RedState’s leader and my friend, Erick Erickson, wrote a piece today titled “The Peter Principle”, in which he compares Peter’s thrice denial of Christ to Republicans who dismiss the views of Rush Limbaugh, Mark Levin, and Dick Cheney. Cheney was at least an elected leader. The others are not.

Rush Limbaugh is not my savior. He is neither my savior for my personal spiritual needs, nor the savior of the Republican party of modern conservatism. Rush Limbaugh is an entertainer. Period. He often says things I agree with, but he is driven by ratings. In order to ensure these ratings, he must incite and inflame. It is his job to keep “the base” irritated and agitated. And in doing so, he very often turns off those in the squishy middle that so many here are willing to purify from the party. The problem is, we need their votes to return from minority status.
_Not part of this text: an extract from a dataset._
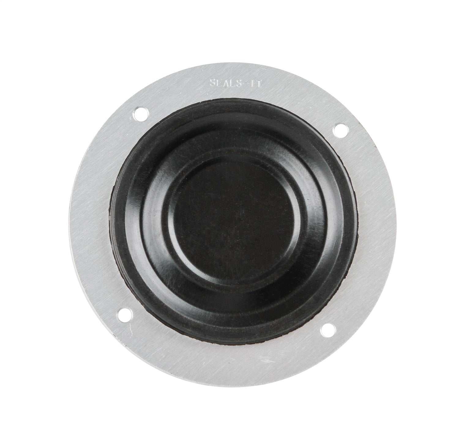 SEALS-IT has designed this unique seal that will stretch to allow the fitting to pass, yet will grip the hose, not allowing fumes or debris to pass through. Made from a fire retardant rubber bonded to an anodized aluminum bezel.
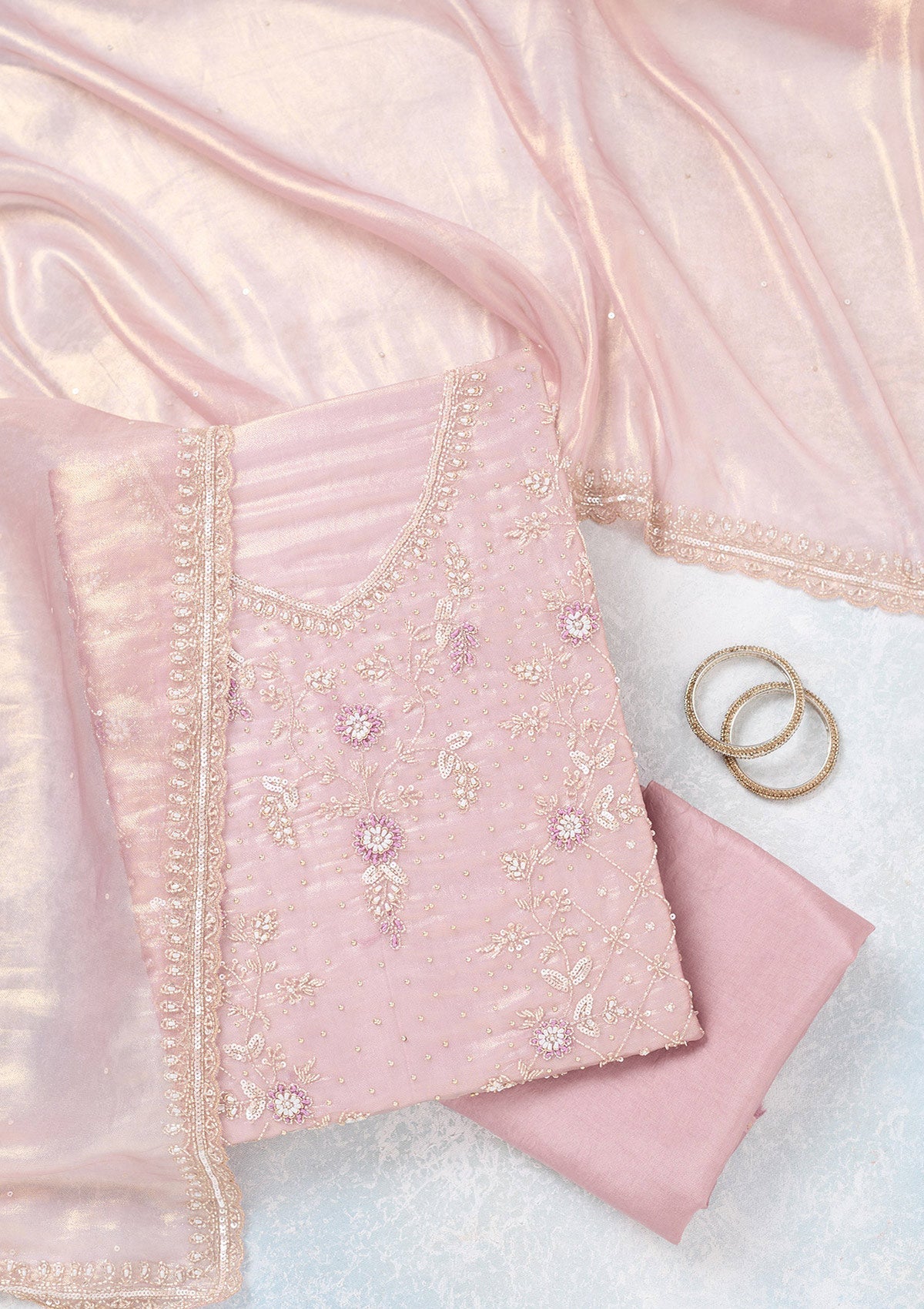 Lavender Salwar Suit in Tissue fabric. The Salwar Suit is embellished with Zariwork embroidery. Accompanied with a bottom and dupatta. Comes with the Koskii promise of premium quality.

Semantics about comparing Peter’s denial of Christ to Republican’s criticizing Limbaugh aside, the larger point of Erickson’s commentary is the suggestion that we should not be attacking our own, but instead be attacking “the left”. Using various references to scripture, he chides those of us who would criticize these modern day apostles:

Their typical means of ostracism is to condemn the rest of us for daring to say nice things about them. Reasons abound for this. Many of these weak minded fools are not really fellow travelers. Like a vulture flying in flock with swans, they benefit from the work the rest of us are doing to gain themselves credibility. The media plays along calling the vultures swans so others, they hope, see ugly ducklings around the vultures instead of swans.

Some mean well. Unfortunately, their high mindedness fractures and divides the rest.

I’ll answer with some scripture of my own, starting with Mathew 7:3-5 “Why do you look at the speck of sawdust in your brother’s eye and pay no attention to the plank in your own eye? How can you say to your brother, `Let me take the speck out of your eye,’ when all the time there is a plank in your own eye? You hypocrite, first take the plank out of your own eye, and then you will see clearly to remove the speck from your brother’s eye” As Louisiana Governor Bobby Jindal has so aptly stated, we were “fired for cause” in 2006 and 2008. Yet we have much of the same party and Congressional leadership. We are, in a sense, doing the same thing over and over again, and expecting a different result. The American people are a forgiving one, with one exception: Hypocrisy. Yet we have these same “leaders” that took us through the fiscal, ethical, personal, and lobbyist driven scandals that led us to deep minority status.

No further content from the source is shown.